- _Source data_:
================

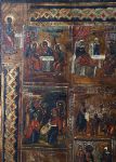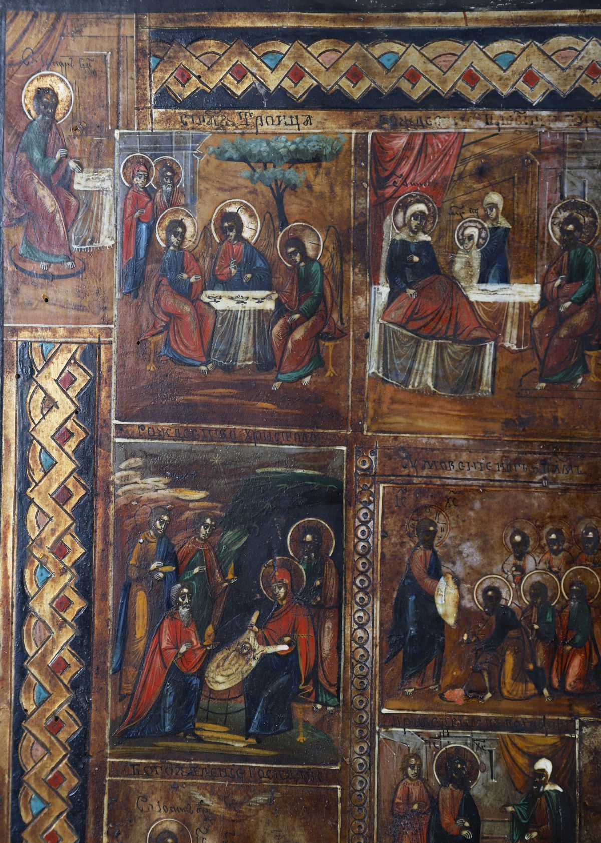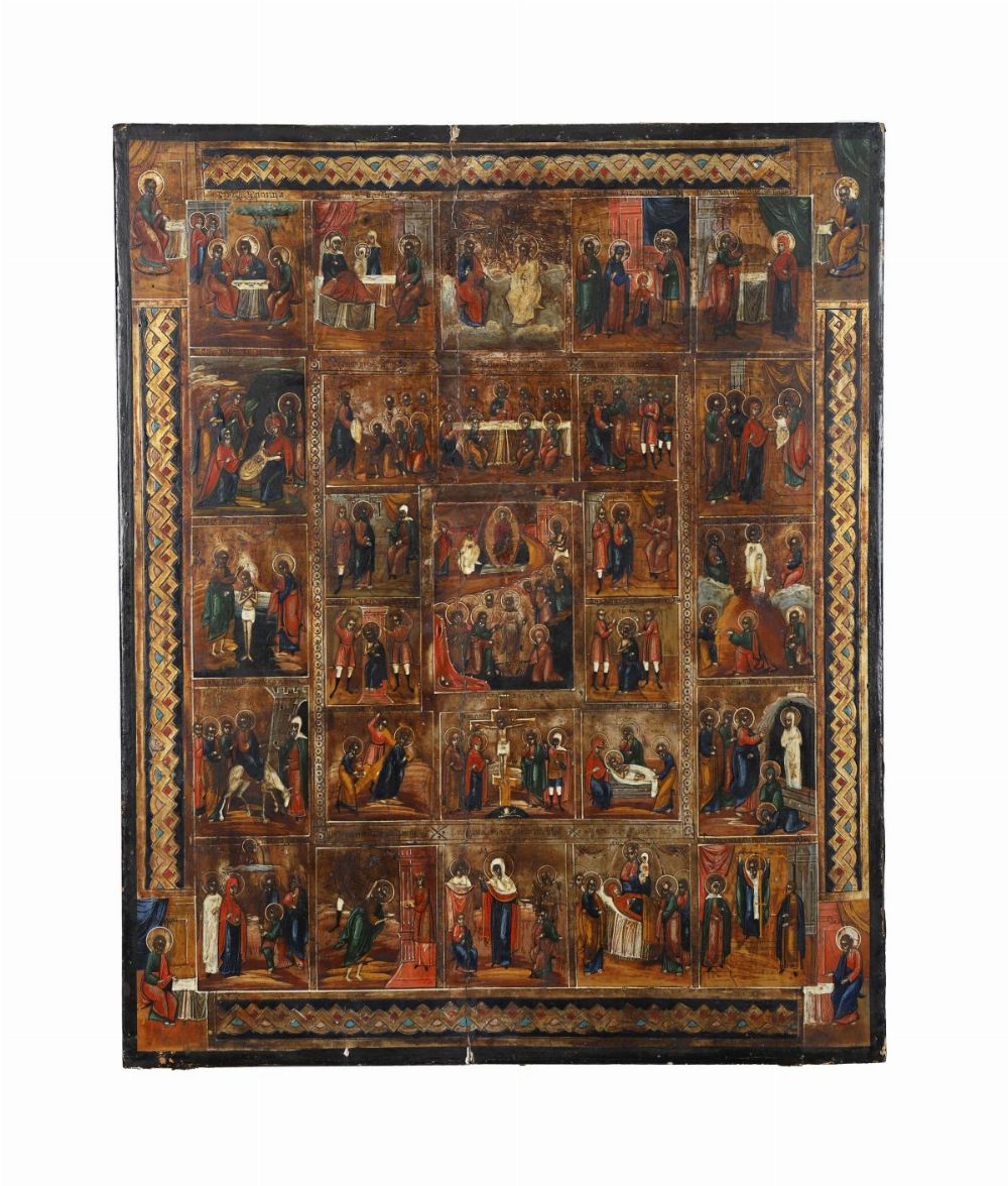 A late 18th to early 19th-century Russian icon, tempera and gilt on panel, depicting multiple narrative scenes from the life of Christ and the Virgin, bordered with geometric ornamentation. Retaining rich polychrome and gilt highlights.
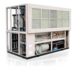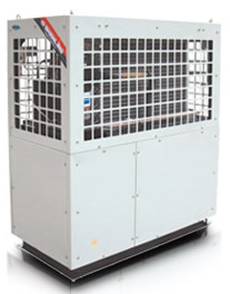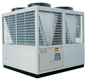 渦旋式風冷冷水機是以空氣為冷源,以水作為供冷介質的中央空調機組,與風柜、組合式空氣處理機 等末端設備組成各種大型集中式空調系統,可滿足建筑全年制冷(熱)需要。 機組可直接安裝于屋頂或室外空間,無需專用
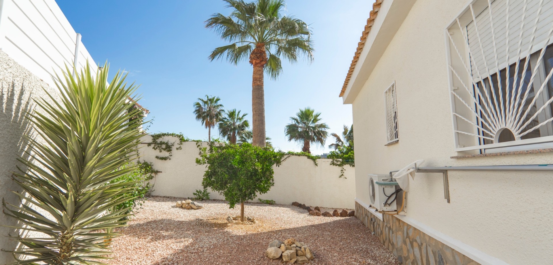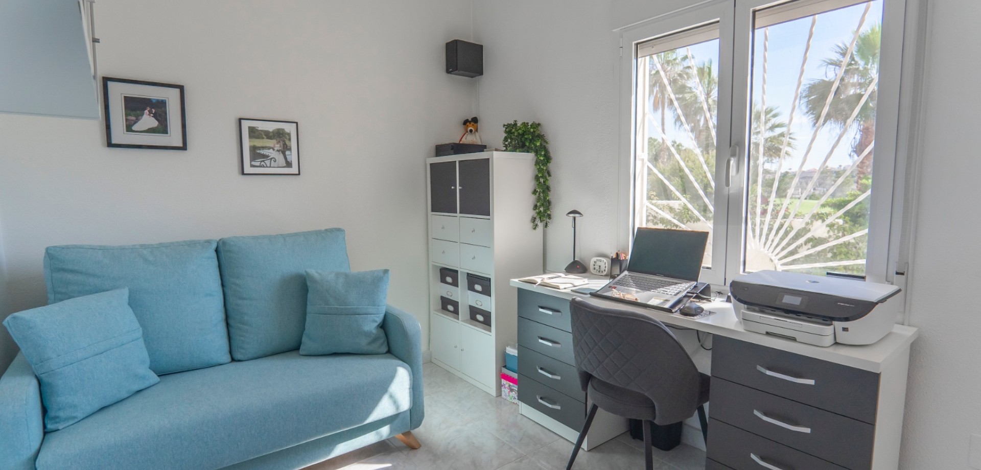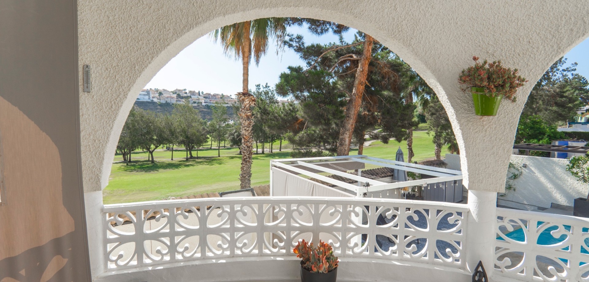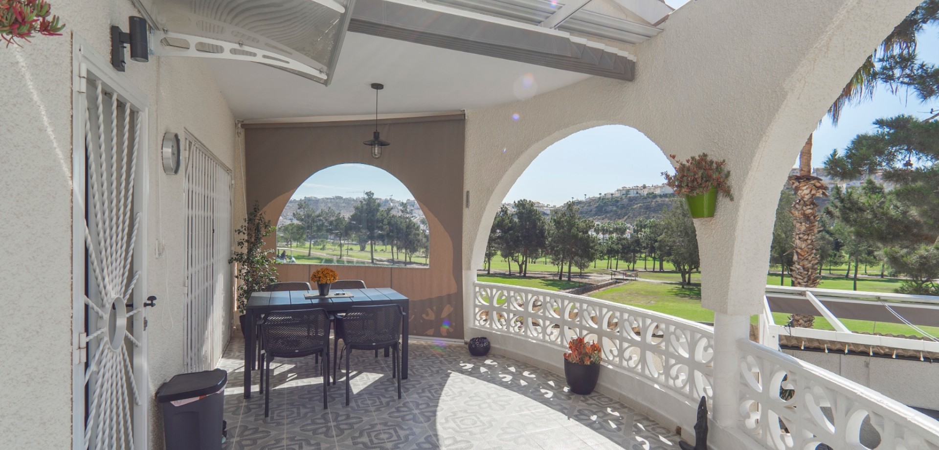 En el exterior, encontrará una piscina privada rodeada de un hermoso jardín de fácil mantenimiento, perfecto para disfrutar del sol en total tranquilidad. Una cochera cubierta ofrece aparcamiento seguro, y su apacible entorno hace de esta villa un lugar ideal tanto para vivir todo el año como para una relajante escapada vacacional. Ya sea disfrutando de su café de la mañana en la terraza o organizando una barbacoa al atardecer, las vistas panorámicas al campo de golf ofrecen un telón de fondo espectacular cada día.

================

- _Activity_: With the pictures removed, return the full listing exactly as given.

- _The answer_:
 A late 18th to early 19th-century Russian icon, tempera and gilt on panel, depicting multiple narrative scenes from the life of Christ and the Virgin, bordered with geometric ornamentation. Retaining rich polychrome and gilt highlights.
 渦旋式風冷冷水機是以空氣為冷源,以水作為供冷介質的中央空調機組,與風柜、組合式空氣處理機 等末端設備組成各種大型集中式空調系統,可滿足建筑全年制冷(熱)需要。 機組可直接安裝于屋頂或室外空間,無需專用
 En el exterior, encontrará una piscina privada rodeada de un hermoso jardín de fácil mantenimiento, perfecto para disfrutar del sol en total tranquilidad. Una cochera cubierta ofrece aparcamiento seguro, y su apacible entorno hace de esta villa un lugar ideal tanto para vivir todo el año como para una relajante escapada vacacional. Ya sea disfrutando de su café de la mañana en la terraza o organizando una barbacoa al atardecer, las vistas panorámicas al campo de golf ofrecen un telón de fondo espectacular cada día.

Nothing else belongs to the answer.